(Above) Caption on back of photo in red crayon reads: ‘Neville talking to Sobhraj who is under arrest in Delhi, Dated 1977. [Photographer unknown/The Generalist Archive]
DT: So what is happening to Sobhraj now?
RN: As far as Charles Sobhraj is concerned, our book is the case against him. This is another irony, Neville as a cop. All the weeding together of the evidence, both from his mouth or from police records or from talking to the victims who survived, was done by us.
My greatest fear - its not a personal fear because if Charles escapes from jail I'll just change my name and go into hiding in Melbourne - is that more people will get killed because once you've killed one person nothing stops you killing others. You go to the same hell really. However we're battling a remarkable, charismatic, unstoppable man.
The latest news is this. All those people that were arrested with him in Delhi are now out of jail. Some of them are out of the country. One of them is back here. Even Marie Andrée Leclerc, who was his girlfriend in ? at the time of the murders, is now out of jail.
Charles has got a tape recorder in the jail so when some of the prison guards came and accepted a bribe from him to do something, he then took a petition to the High Court aimed to expose their corruption, which he withdrew at the last minute on condition that he was given the prison canteen to run, which sounds like small beer. It isn't. That gives him a lot of power because he gets a rake-off of every deal that goes on in jail to do with food. So he's in a position of absolute power.
A couple of prisoners were beaten up by him a few weeks ago. In other words he's running Tihar jail. In fact in one of his last letters to me, he said he wanted to congratulate himself because this time he would escape from jail by legal means. There is no extradition treaty between India and Thailand, which is where the five murders were committed. So let's say that his legal future is looking full of holes, so he could conceivably, some time in the next twenty years, be out scot free. Even though to me, personally, on tape which I have, he has confessed to the five murders in Thailand, two in Nepal and one in Pakistan. Personally confessed on tape to me. He has been charged with none of these murders yet because they took place in countries other than the one he was arrested in. So the world has not heard the last of Charles Sobhraj.
DT: Do you see any strong parallels between Charles Sobhraj and Charlie Manson ?
RN: There are obviously some parallels but there's none of that messianic hippie, Beatle-record-listening-to weirdness that Manson had. Manson used to meet women on street corners, fill them up full of acid, start to fuck them, tell them that their father was fucking them, play all sorts of psycho games. Charles was much more subtle, urbane and less obviously fucked up. and is not so much interested in having a whole commune of people. Charles is a loner. I think the parallels are very few except that he is young and charismatic, male, with a lot of accomplices, both male and female, around him. But to me its a different story played back on a different cultural tapestry.

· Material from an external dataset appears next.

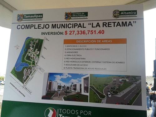 Altamira, Tamaulipas.- Con un monto superior a los 27 millones de pesos se dio arranque a la construcción del edificio de gobierno La Retama que albergará las secretarías del ayuntamiento de Altamira. En un evento desarrollado a un costado del fraccionamiento Corredor Industrial sobre la calle séptima, el gobernador Egidio Torre Cantú junto con el alcalde Armando López Flores colocaron la primera piedra de lo que será el moderno complejo administrativo.

Certainly I think the one strong element in both stories is how jails turned out to be their universities. That's where they both got their PhD in criminology. Charles' story comes out as a testimony of the failure of the prison system to do anything other than produce Charles Sohbraj1s. The final sting in the tail of all that is we may not agree with capital punishment but what do you do with a person like Charles. It does put that dilemma right back onto our doorstep. Would you want him knocking on your back door? I wouldn't.

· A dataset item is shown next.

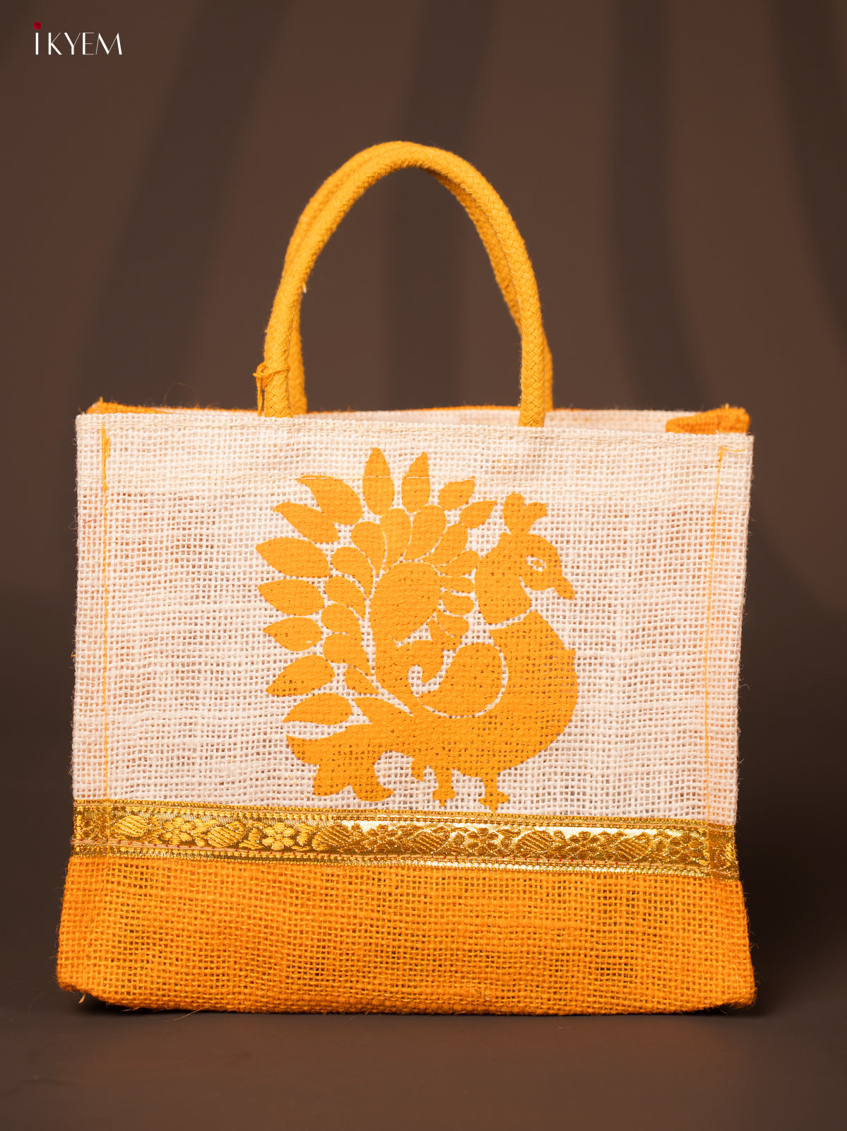 Adorable Beige & Yellow Jute Bag With Peacock Print - KG22112

DT: What do you think are the implications of making a big movie about such a man?
RN: One of the reasons that I have stressed that the case against Sobhraj was our book was because I'd been asked often are you glorifying a criminal, which to me is ridiculous. Are you glorifying Adolf Hitler because you're writing a book about him ? I think that to decide not to tell a story because one individual may get an ego benefit out of it is ridiculous.

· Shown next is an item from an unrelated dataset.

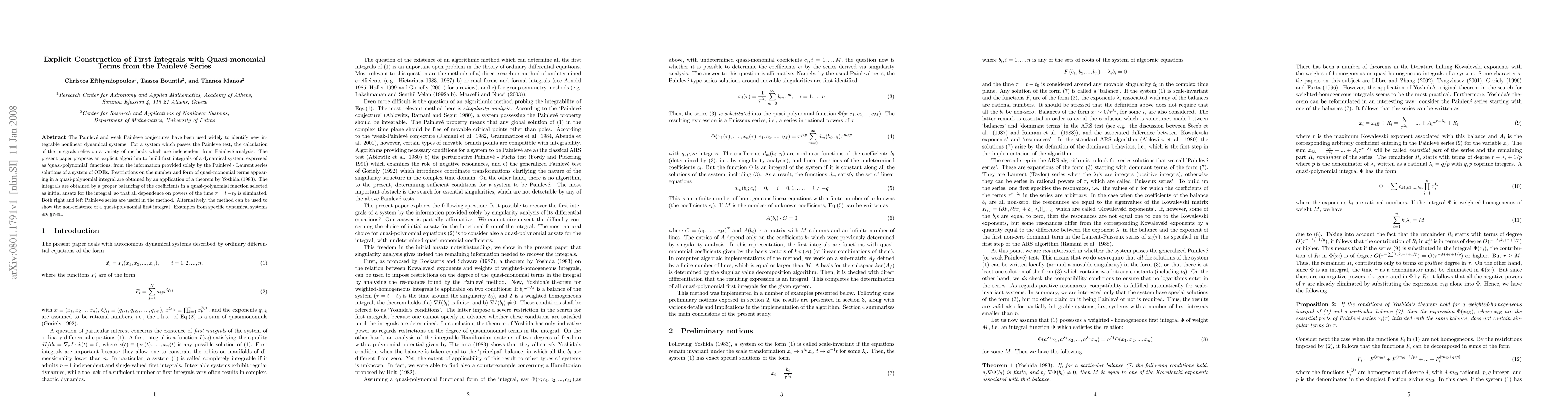 This paper presents an explicit algorithm to construct first integrals for dynamical systems using Painlevé-Laurent series solutions, focusing on quasi-polynomial forms. It employs Yoshida's theorem to restrict quasi-monomial terms and balances coefficients to eliminate time dependence, demonstrating both existence and non-existence of such integrals through examples.

Whether or not the book works its an extraordinary story that, if you'd gone away with lots of acid and marijuana - 70 people in a room and 18 monkeys - came back and wrote the story up, you'd say bullshit, completely ridiculous, start again, it's too fantastic. It must be told and I think the book does tell it.
So what do we learn from it? First of all that gets shaky because there's no Agatha Christie black-and-white motive for the crime. But there are not many in-depth portraits of a murderer of the calibre of Sobhraj. I think that's why the book has now been set as a text book in criminology classes and psychology classes. The book goes right in deep, none of it made up, from suitcases and suitcases and suitcases of original documents.
This is a story that has incredible relevance because we're all part of that story. We're all part of the Vietnam War and of cultural and family dislocation. The events of history sweep through that book just as they swept through our lives.
On top of all this Sobhraj is still alive. Its a story about the complete failure of law and order internationally, a complete indictment of the police forces, from Interpol to every Asian police force you can imagine. A lot of the critical consciousness that OZ had I think that this book has because of the story it tells.
In the end its an insight, a portrait of the making of a monster.